The knowledge left loads of openings for competitors, most Wall Street analysts agreed, and Pfizer averted drawing comparisons when discussing the results on a Monday convention name.

Though shares

PFE, -2.16%

  initially gained premarket, they dropped 2.5% in average morning commerce. Rival Alnylam Pharmaceuticals Inc.’s

ALNY, +20.48%

 stock surged 18.7% on Monday, whereas Ionis Pharmaceuticals Inc.

IONS, +8.76%

 rose 7.1% and Akcea Therapeutics Inc.

AKCA, +1.93%

  gained 2.5%.

Tafamidis’ results “are outstanding, and the drug should own the [transthyretin] cardiac space near term,” mentioned Stifel analyst Paul Matteis. “But they also leave some room for improvement from TTR knockdown drugs, which we still think have a reasonable shot at being best-in-class over the long term.”

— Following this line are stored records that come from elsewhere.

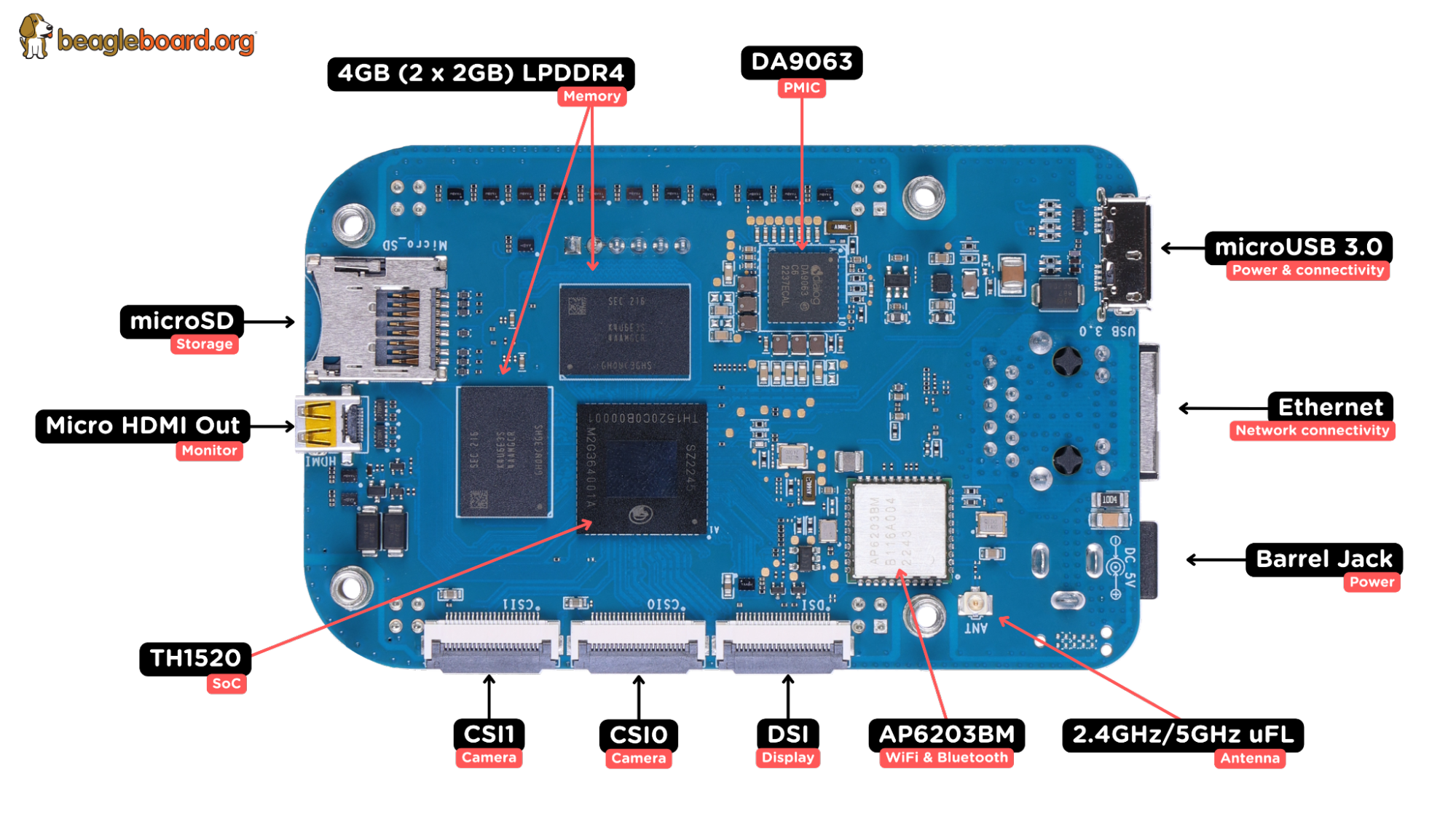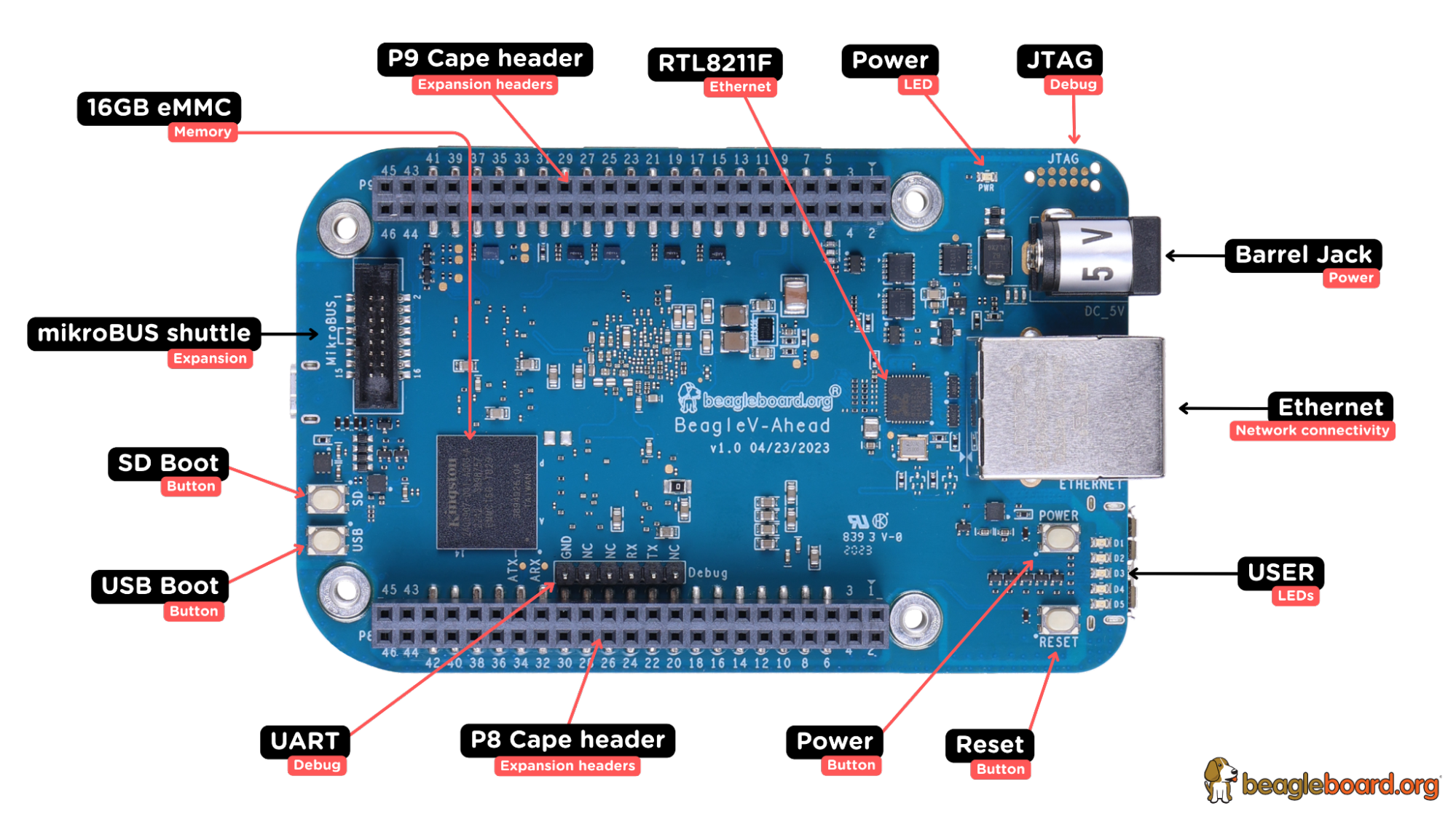 Fig 3. BeagleV®Ahead front annotated.
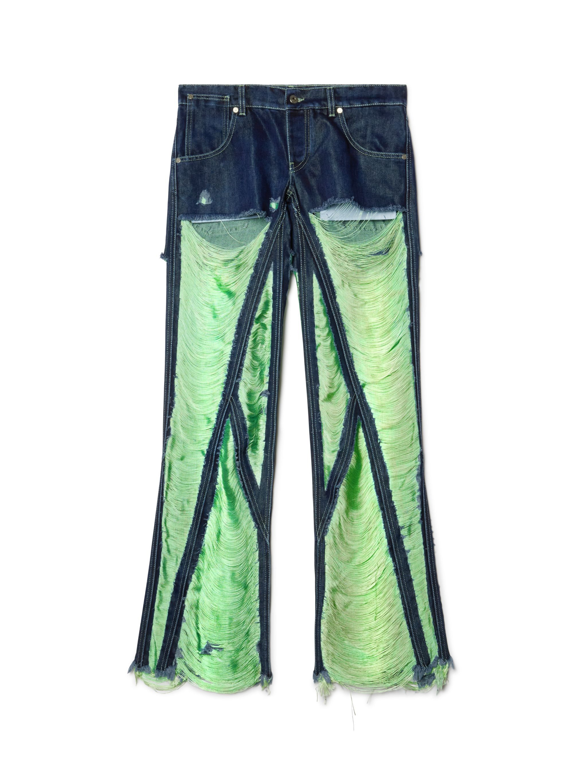 Green Shredded Denim Pants
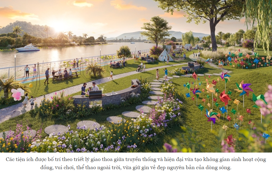 Không tận dụng tối đa diện tích để xây dựng, dự án dành tỷ lệ lớn quỹ đất cho tổ hợp công viên bờ sông hơn 18.000 m². Quy hoạch này không chỉ bảo vệ hệ sinh thái tự nhiên của sông Hà Thanh mà còn biến cảnh quan ven sông thành "hành lang xanh" liền mạch cho cư dân.
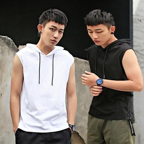[엄지척]남성 여름 얇고 시원한 소재 멋진 후드 민소매 티셔츠_20459462_667501
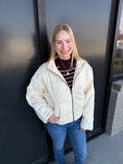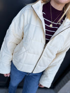 Stay cozy and chic in this thoughtfully crafted puffer jacket, made from a premium cotton-polyester blend for the perfect balance of softness, structure, and durability. The streamlined silhouette pairs easily with any outfit, while the front zipper closure allows for simple layering on cooler days.
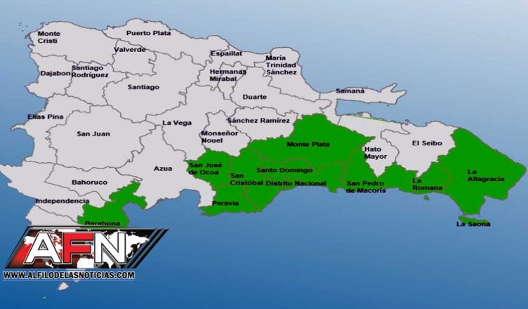 Las provincias en alerta son Monte Plata, La Altagracia, Distrito Nacional, Barahona, Peravia, La Romana, San Cristóbal, San Pedro de Macorís, Santo Domingo y San José de Ocoa.
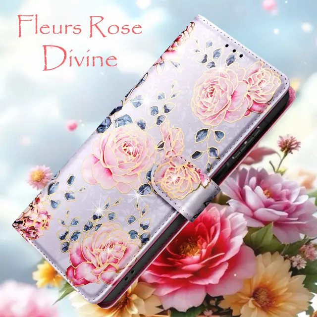 To ohišje ima vgrajeno držalo za videoposnetek za udobno uporabo. Prefinjen cvetlični vzorec s podrobnimi vrtnicami v zlatem reliefu. Notranji predali za kartice in zapiske. Magnetno zapiranje z varno zavihkom za pritiskanje čepov.
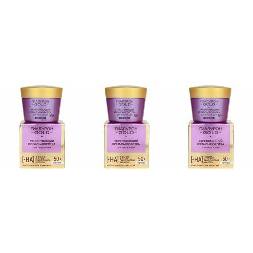 НАЙТИ ВЫГОДНЕЕ - Витэкс Укрепляющий крем-сыворотка, Гиалурон Gold 50+, для лица и шеи, SPF 15, ночной, 45 мл, 3 шт
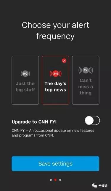 过于频繁的推送通知容易造成对用户日常生活的打扰,甚至招致反感。为此,CNN的客户端为用户提供推送频率的选择,希望让用户既不会被过多的推送所干扰,又不会错过所关注的信息。它将推送频次分为“0-2”、“3-6”、“7+”三个等级,并在每一等级下面清楚告知用户会推送的事件类型,有助于优化推送效果。
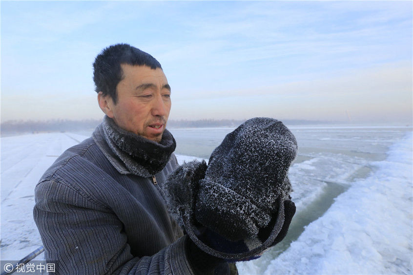 實(shí)拍松花江上的纖夫采冰者工作20天收入近萬(wàn)元
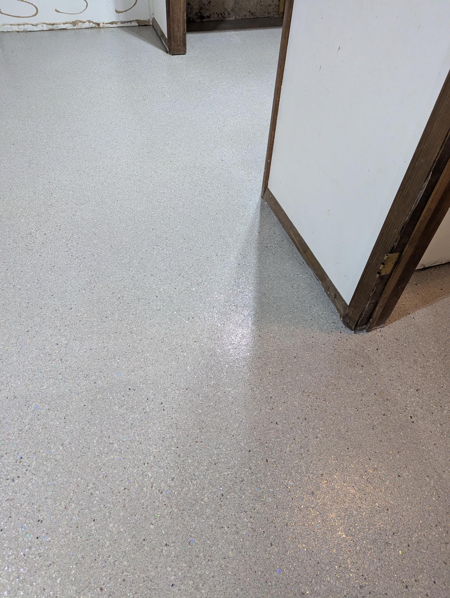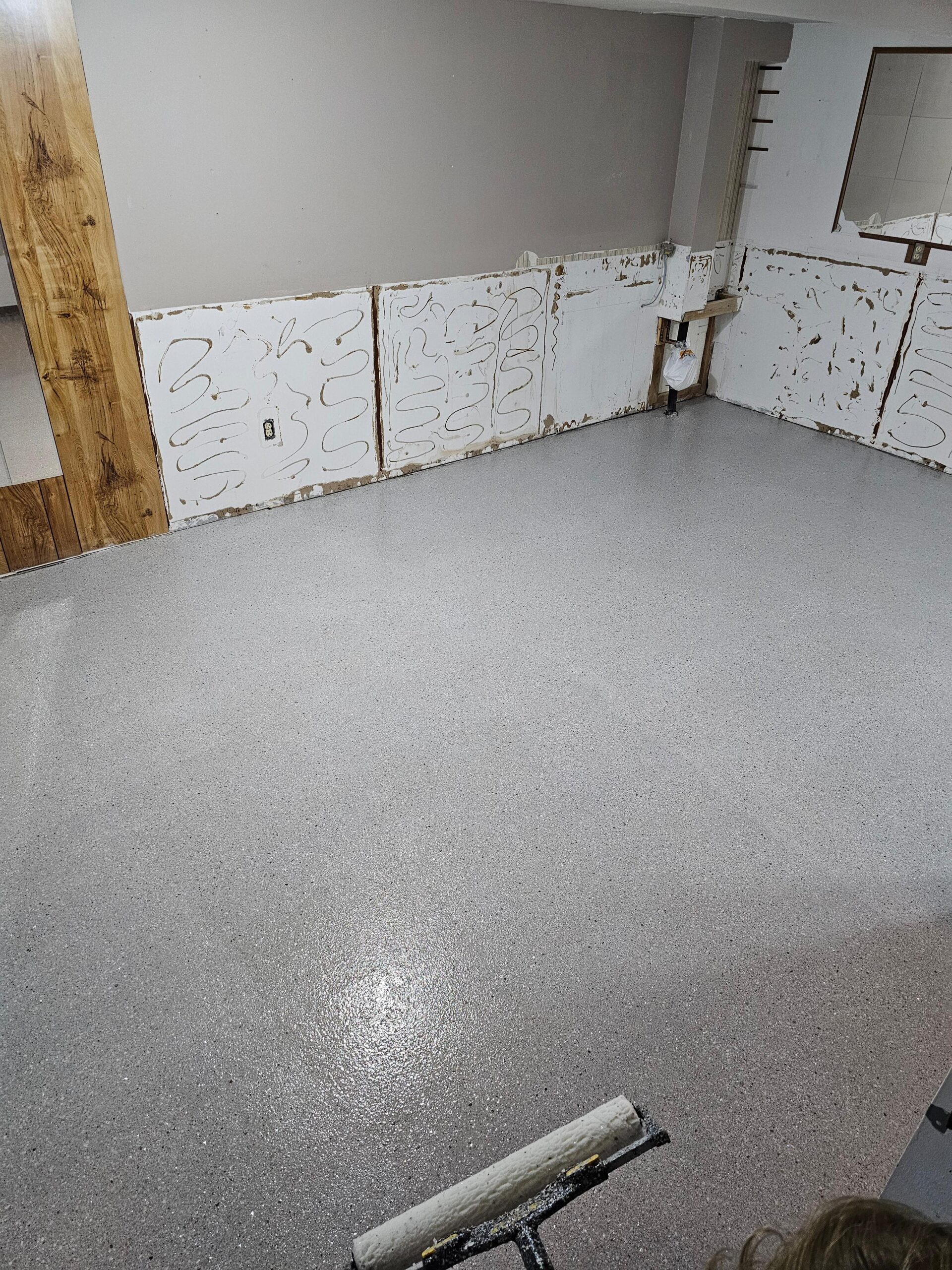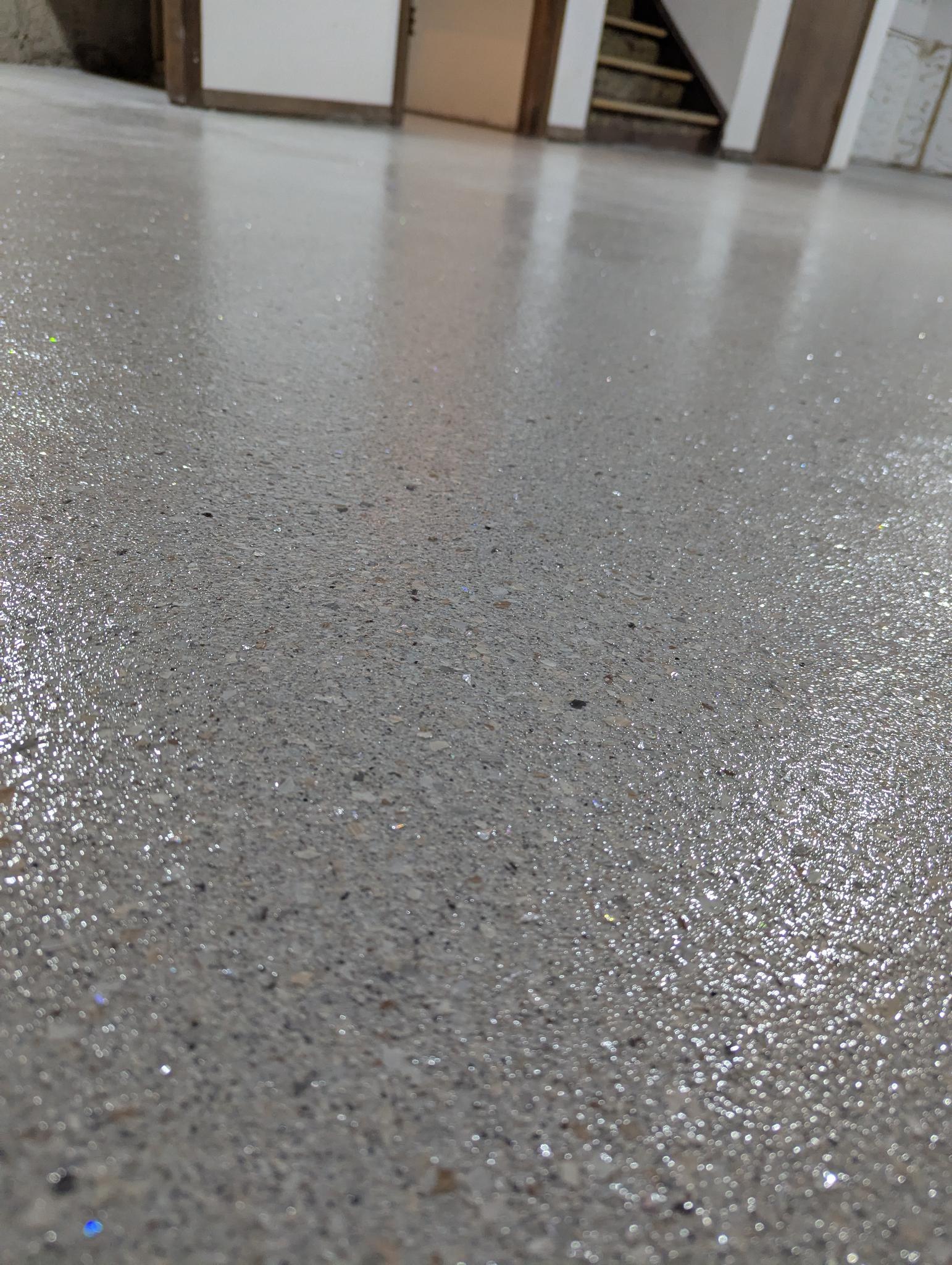 Basement Finished in Flintstone Polished Concrete Collection Flake

Tafamidis is being developed for the uncommon illness transthyretin amyloid cardiomyopathy, which may be hereditary or attributable to age.

The situation is known as after the protein transthyretin, which may come aside and result in amyloid deposits within the coronary heart, as effectively as the resultant impact on the center muscle, generally ending in coronary heart failure. The Pfizer drug was designed to stabilize transthyretin and stop the amyloid formations.

Related: How a failed Pfizer rare-disease drug came back to flatten its rivals

More than 400 sufferers have been enrolled within the part three medical trial, which befell over the course of 30 months. The remedy was discovered to reduce risk of death by 30%, a major discovering, and cut back the speed of cardiovascular-related hospitalization by 32%.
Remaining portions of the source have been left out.